Martin’s deeply-researched piece explored what could lay beyond today’s platforms and their obsession with tapping into the brain’s reward centres to trigger user addiction. Again, a hugely useful piece that can inform people’s thinking for years to come – I would not be surprised to see this in the top 10 next year.

3. Digital Fix – Fix Digital 

(2018, Martin Recke)

The piece that both heralded and explain the theme of NEXT18. Frankly, I’d be worried if it wasn’t high up the rankings for the year – and it is! I particularly enjoyed the way Martin threaded the topics of the previous two years of NEXT, giving us context for the year’s discussions.

4. What is Post-Digital?

(2012, Adam Tinworth)

Finally, I get on the leaderboard — and it’s one of the very first pieces I wrote for the blog. Post-digital was the theme of NEXT12, and explored the idea of the world when digital is something assumed, rather than something we actively think about. Even six years on, we’re not quite in the true post-digital age – and in some ways I feel like the rocky patch we’ve been through in 2018 was the death throes of the digital age. Maybe in 2019, we’ll finally get to the post-digital world. Nice to see something I wrote so long ago still delivering value to people.

5. A phrase you should know: “ludic loop”

(2017, Adam Tinworth) 

I’m not surprised to see this doing so well. With Facebook and the other social platforms under so much scrutiny in 2018, this idea — the ludic loop — is critical to understanding how they hook and keep users. In many ways this is a predecessor to Martin’s experience loop piece  that sits at number 2. That’s healthy – it shows that interest is moving beyond this powerful but damaging engagement technique.

6. From UX and CX to HX: The Human Experience

(2017, Martin Recke)

Another deeply-researched piece from Martin, looking at the growth of the idea of “Human Experience” – a more holistic approach to human interaction with digital product, one born of the understanding that users and customers are often different, and only part of the picture. It’s a piece that does well from search, for obvious reasons.

7. What is Digital Humanism? 

(2017, Martin Recke)

Martin had a great late 2017 in terms of putting out posts that delivered readers over a long period. Rereading this one really made me think he hit on an issue we should have spent more time thinking about. This topic is ripe for re-examination in the light of everything we learnt in 2018.
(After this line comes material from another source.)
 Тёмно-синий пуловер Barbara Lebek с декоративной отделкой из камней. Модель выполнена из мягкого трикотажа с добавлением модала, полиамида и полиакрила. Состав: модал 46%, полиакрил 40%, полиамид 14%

8. An Immersive Experience that doesn’t suck

(2017, Martin Recke)

Completing Martin’s “Late 2017 trilogy” is a piece putting some context around the current augmented reality / virtual reality / mixed reality hype. 2018 was yet another year where the reality failed to live up to the hype, and 2019 looks to be much the same. Martin identified a key point – that this market needs an experience story, not merely a technology one. And until that’s hammered out, this will remain the land of unfulfilled potential.
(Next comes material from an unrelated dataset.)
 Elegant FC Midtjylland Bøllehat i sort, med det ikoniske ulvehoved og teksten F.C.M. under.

9. What does it mean to be AI-first?

(2017, Adam Tinworth) 

This piece feels like it was almost a year too early. I have already suggested that 2019 might be the year that AI (and machine learning in particular) infuses more and more of technology. The news that Apple now has a VP of AI just reinforces that. The thought processes that led to those predictions started a year ago with this piece.

10. Product Thinking: Why you should think in products

(2017, Martin Recke)

Another gem from Martin, this time focusing on the other side of the company/customer interface – the product itself.


It’s interesting to note that only two 2018-written posts made it into the top 10. There’s a whole bunch of them lurking just outside the top zone, though, and I’ll explore them in post early in 2019.